Here, Shvut Ya’akov and Shach thought the dinei shamayim obligation was enough, where Maharshal disagreed. Another option, also presented by Shvut Ya’akov, was that Biblical obligations of this level would not be extracted from the Jew who collected it him/herself, where rabbinic ones would.
Avodah Zarah 14a says lifnei iver, the obligation not to lead others to sin, applies only directly, the person with whom one is currently interacting; Jews may sell items used to violate prohibitions to non-Jews despite knowing they will sell them to other non-Jews, for example, because there is no obligation of lifnei de-lifnei, to worry about the second stage of a situation.
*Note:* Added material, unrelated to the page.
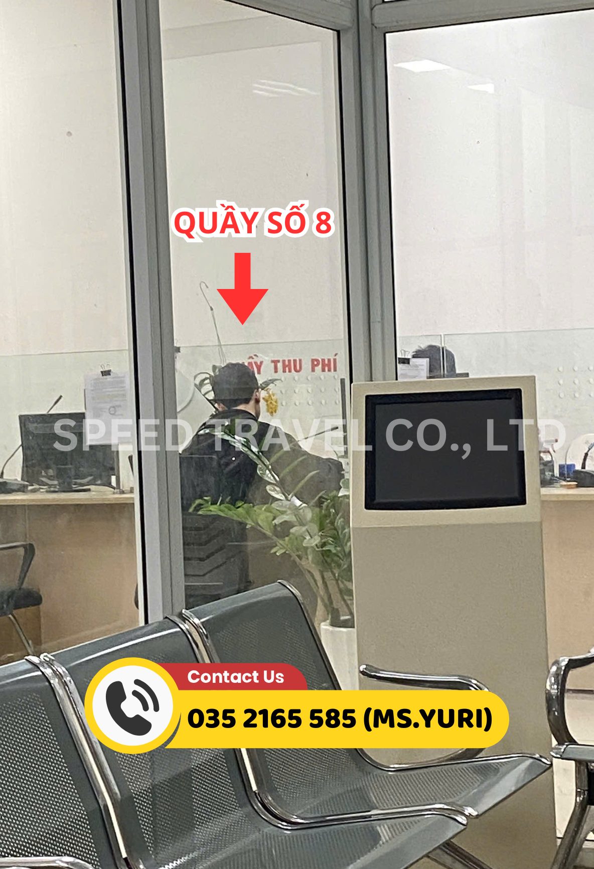Khi được gọi tên, đến quầy số 8 để:

Where the third party is Jewish, however, we do sometimes worry about lifnei de-lifnei. Taz, Yoreh De’ah 151;3 pointed out Jews are not to sell wheat that fell into water on Pesah to non-Jews, lest they sell it (now leavened) to Jews, making clear we do see ourselves as responsible for lifnei iver of a fellow Jew even two steps down the line.
That might be a rabbinic prohibition, as is—according to Shach there, paragraph nine—the impermissibility of extending an item of sin to a Jew who could otherwise get it him/herself. For a non-Jew or a Jew who has abandoned the religion, the rabbis did not obligate us to be as concerned for their spiritual welfare.
Where others will not listen to our pointing out their mistakes in observance, we tend to opt for silence, so as not to have them now be transgressing knowingly. What is explicit in the Torah, however, we say anyway, because Jews are expected to know the Torah itself. Havvot Yair 164 argued that the logic should mean we would not speak up if someone was about to hunt on Shabbat, since the specific category of tzeidah, hunting or trapping, is not explicit in the Torah.
While understandable, Peri Megadim notes it would mean we would not point out almost any of the prohibited Shabbat activities, nor any of the kinds of wounds that make an animal terefah, since they are not specified, nor about any of the ideas taught by the Oral Law. Peri Megadim thinks “explicit” includes all interpretations of the Torah given with the Torah itself [such as that an etrog is the “fruit of the beautiful tree to shake on Sukkot, for an example I thought of], bringing us back, for those keeping count, to the thorny thicket of the types of inferences halachah allows, with the varying levels of law produced. Peri Megadim is saying that laws known by oral tradition are not only full Torah law, they count as explicit in the Torah.
Last for this time, he talks about how far to go with the principle of ein onshin min ha-din, courts do not administer punishments for sins inferred through a kal va-homer, a logical argument from the less extreme to the more, as well as the idea courts cannot punish based on a halachah le-Moshe mi-Sinai, unless we can see it as really included in some piece of Torah (his example is carrying in public, where an oral tradition from Sinai tells us to include this act among prohibited Shabbat activities, inserting it into that existing framework).